■ **TASK DESCRIPTION**
Once you reach the line with "一楼走廊设有美食休闲吧(如下" below, copy each line exactly, stopping after the line with "Pulsera de Plata", and skip any pictures.

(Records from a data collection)
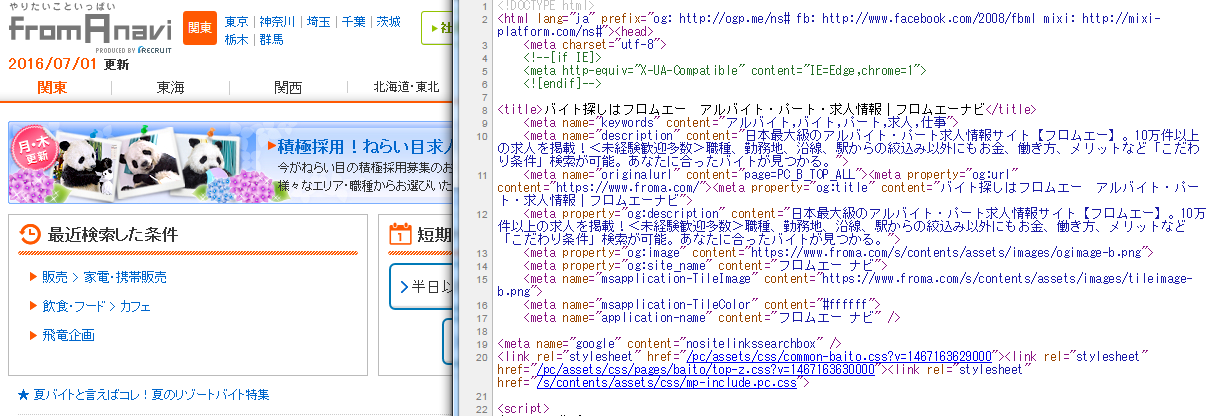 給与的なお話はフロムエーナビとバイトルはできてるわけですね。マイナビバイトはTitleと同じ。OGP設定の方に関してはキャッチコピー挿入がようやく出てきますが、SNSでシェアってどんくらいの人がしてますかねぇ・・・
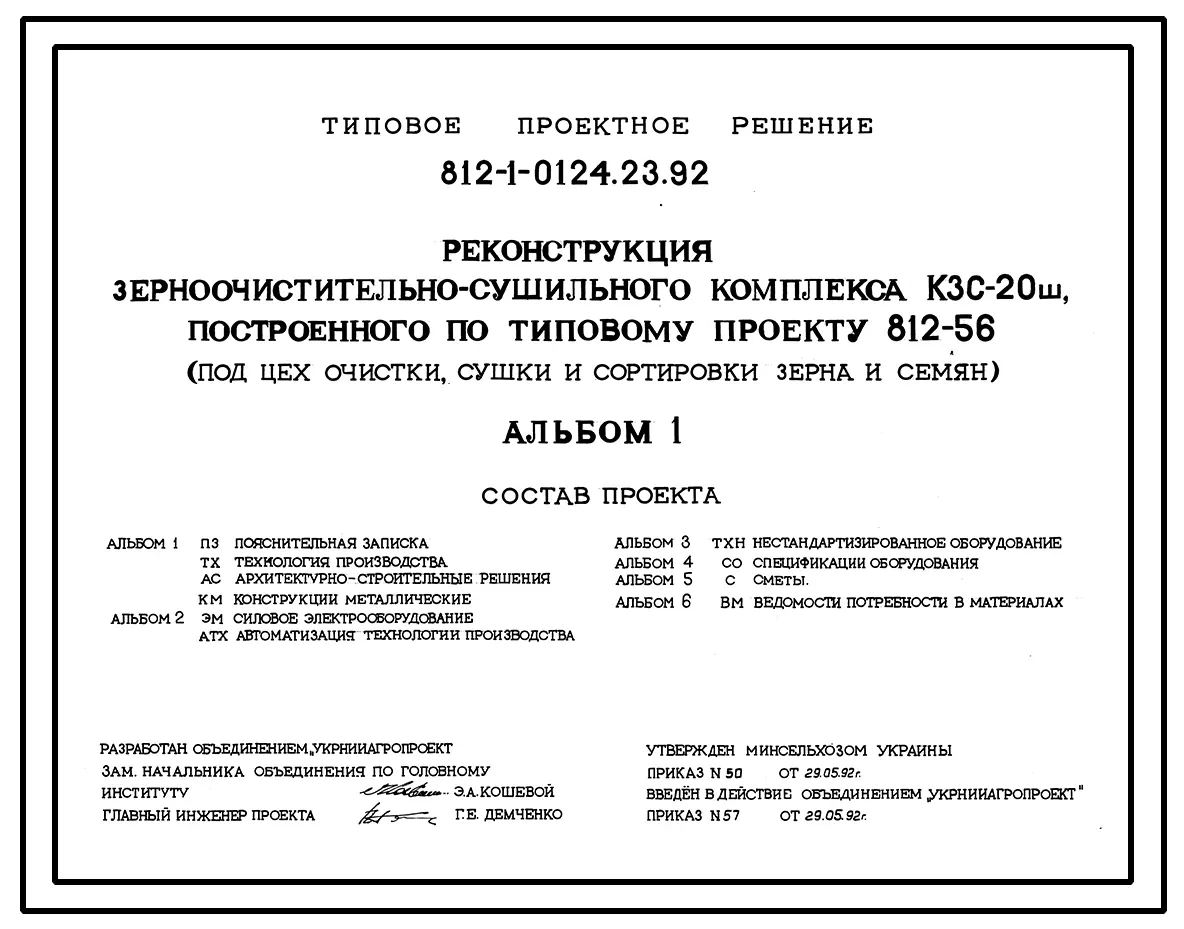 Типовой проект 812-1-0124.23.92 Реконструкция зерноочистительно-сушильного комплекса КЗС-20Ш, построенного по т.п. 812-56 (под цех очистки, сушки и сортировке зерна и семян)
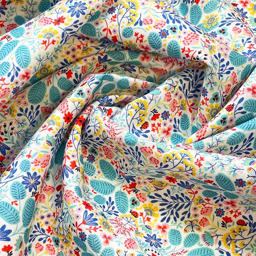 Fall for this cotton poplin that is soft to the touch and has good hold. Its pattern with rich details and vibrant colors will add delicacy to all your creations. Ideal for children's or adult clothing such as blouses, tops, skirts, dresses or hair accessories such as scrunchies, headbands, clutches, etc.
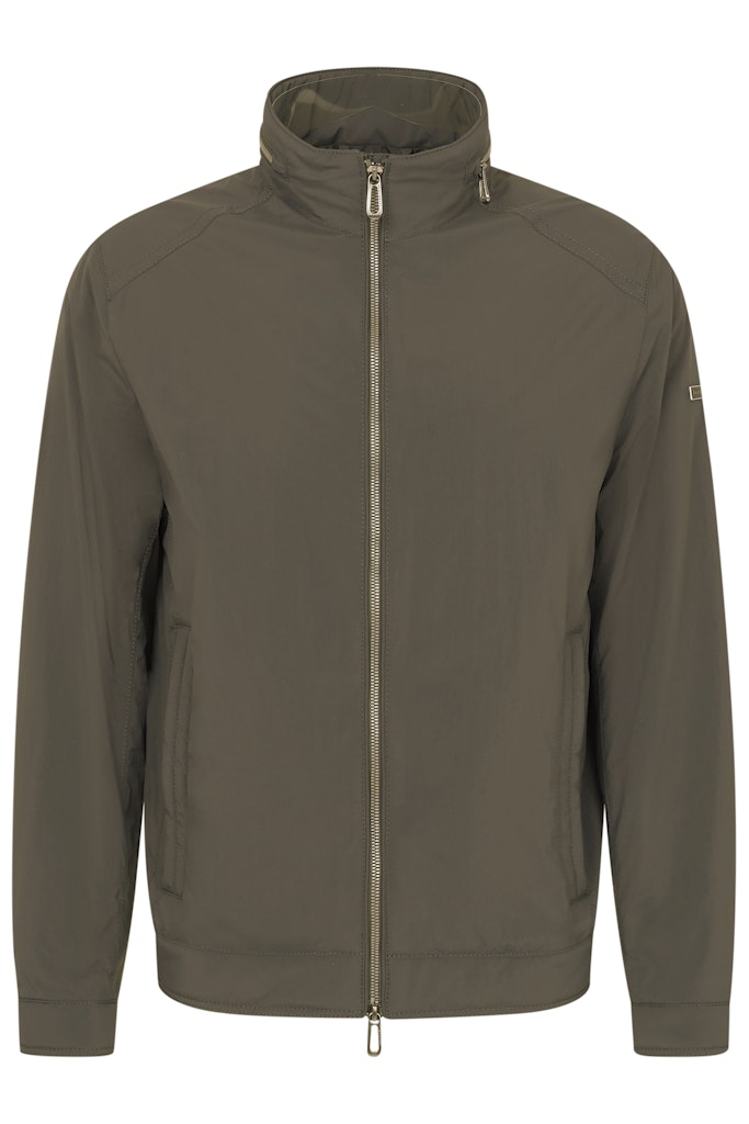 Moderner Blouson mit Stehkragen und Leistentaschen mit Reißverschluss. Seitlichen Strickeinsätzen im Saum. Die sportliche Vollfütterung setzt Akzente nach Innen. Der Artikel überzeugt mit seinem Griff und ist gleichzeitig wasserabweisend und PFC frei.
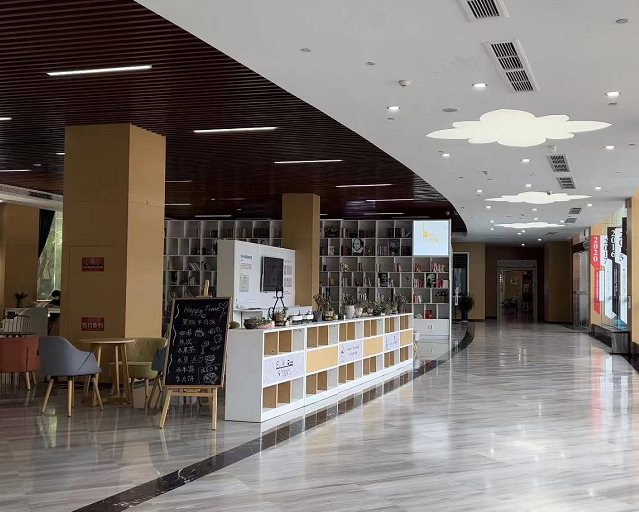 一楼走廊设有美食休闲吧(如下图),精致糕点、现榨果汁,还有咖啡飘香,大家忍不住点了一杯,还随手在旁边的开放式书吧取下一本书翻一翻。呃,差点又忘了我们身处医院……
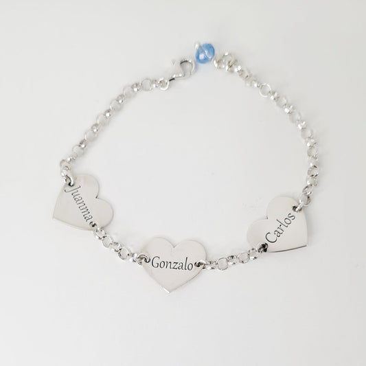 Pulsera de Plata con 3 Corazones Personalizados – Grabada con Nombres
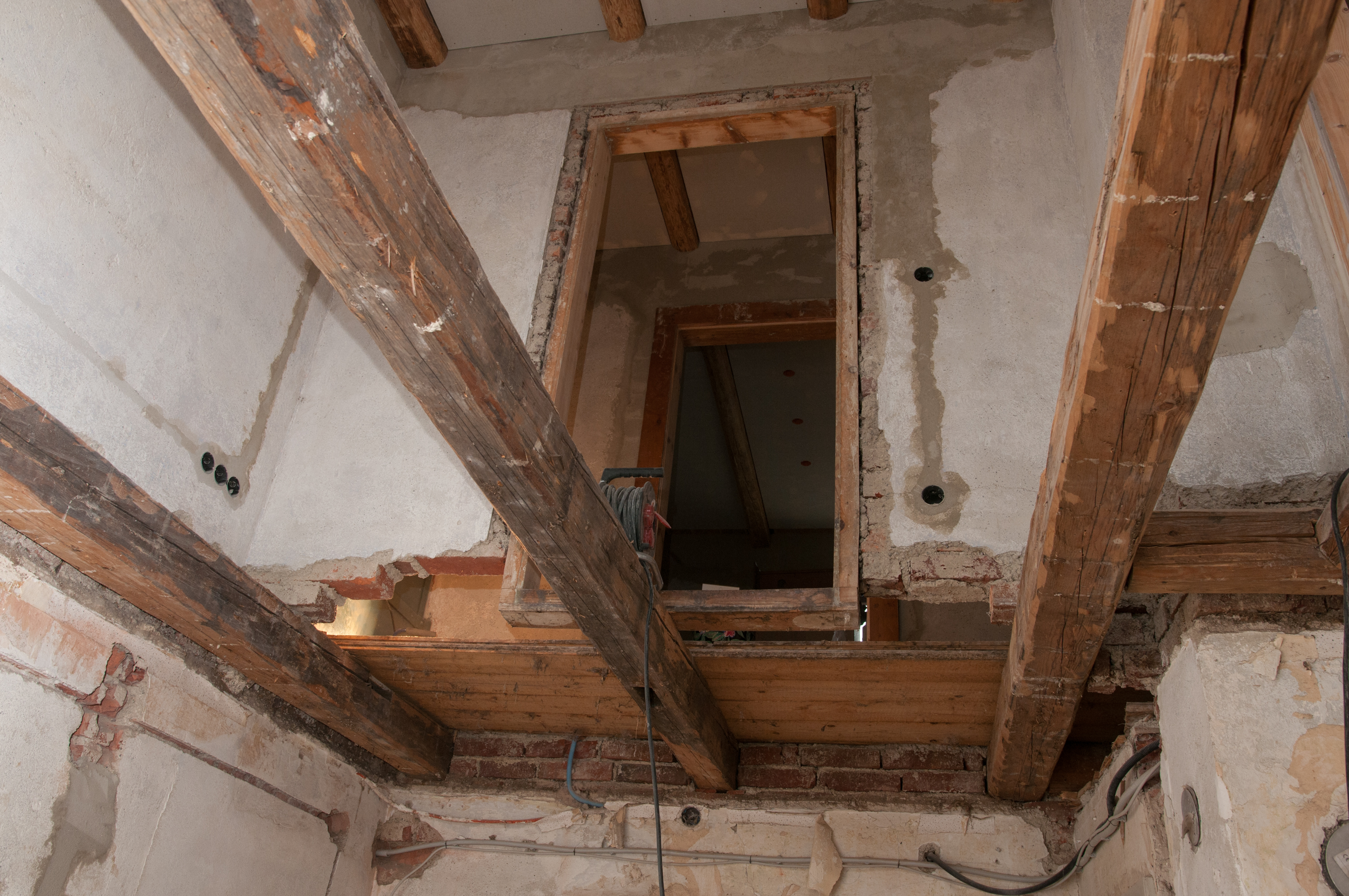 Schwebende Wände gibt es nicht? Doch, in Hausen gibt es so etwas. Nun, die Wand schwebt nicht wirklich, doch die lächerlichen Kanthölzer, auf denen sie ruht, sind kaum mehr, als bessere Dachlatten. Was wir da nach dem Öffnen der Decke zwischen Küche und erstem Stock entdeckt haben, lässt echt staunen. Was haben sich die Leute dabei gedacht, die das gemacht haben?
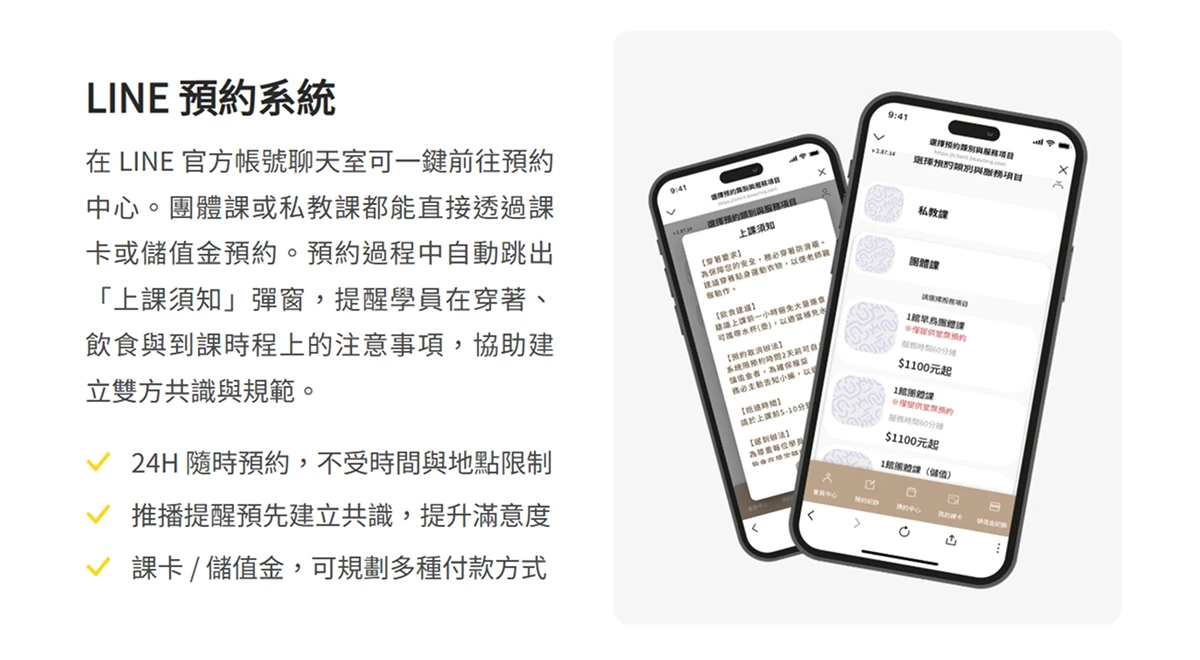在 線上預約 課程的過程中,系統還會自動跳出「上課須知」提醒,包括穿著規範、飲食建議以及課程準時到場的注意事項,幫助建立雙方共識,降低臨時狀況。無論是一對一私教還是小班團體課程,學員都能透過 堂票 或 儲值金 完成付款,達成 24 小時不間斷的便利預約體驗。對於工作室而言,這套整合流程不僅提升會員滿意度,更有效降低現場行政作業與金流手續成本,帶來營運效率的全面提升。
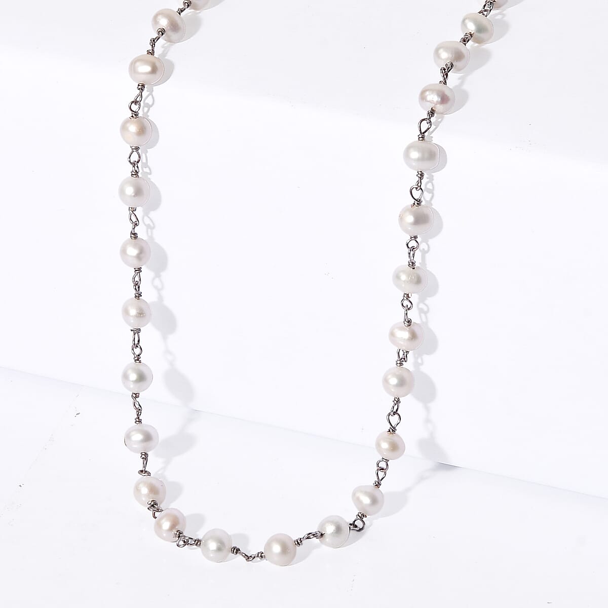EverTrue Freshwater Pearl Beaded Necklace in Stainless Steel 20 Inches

■ **THE ANSWER**
 一楼走廊设有美食休闲吧(如下图),精致糕点、现榨果汁,还有咖啡飘香,大家忍不住点了一杯,还随手在旁边的开放式书吧取下一本书翻一翻。呃,差点又忘了我们身处医院……
 Pulsera de Plata con 3 Corazones Personalizados – Grabada con Nombres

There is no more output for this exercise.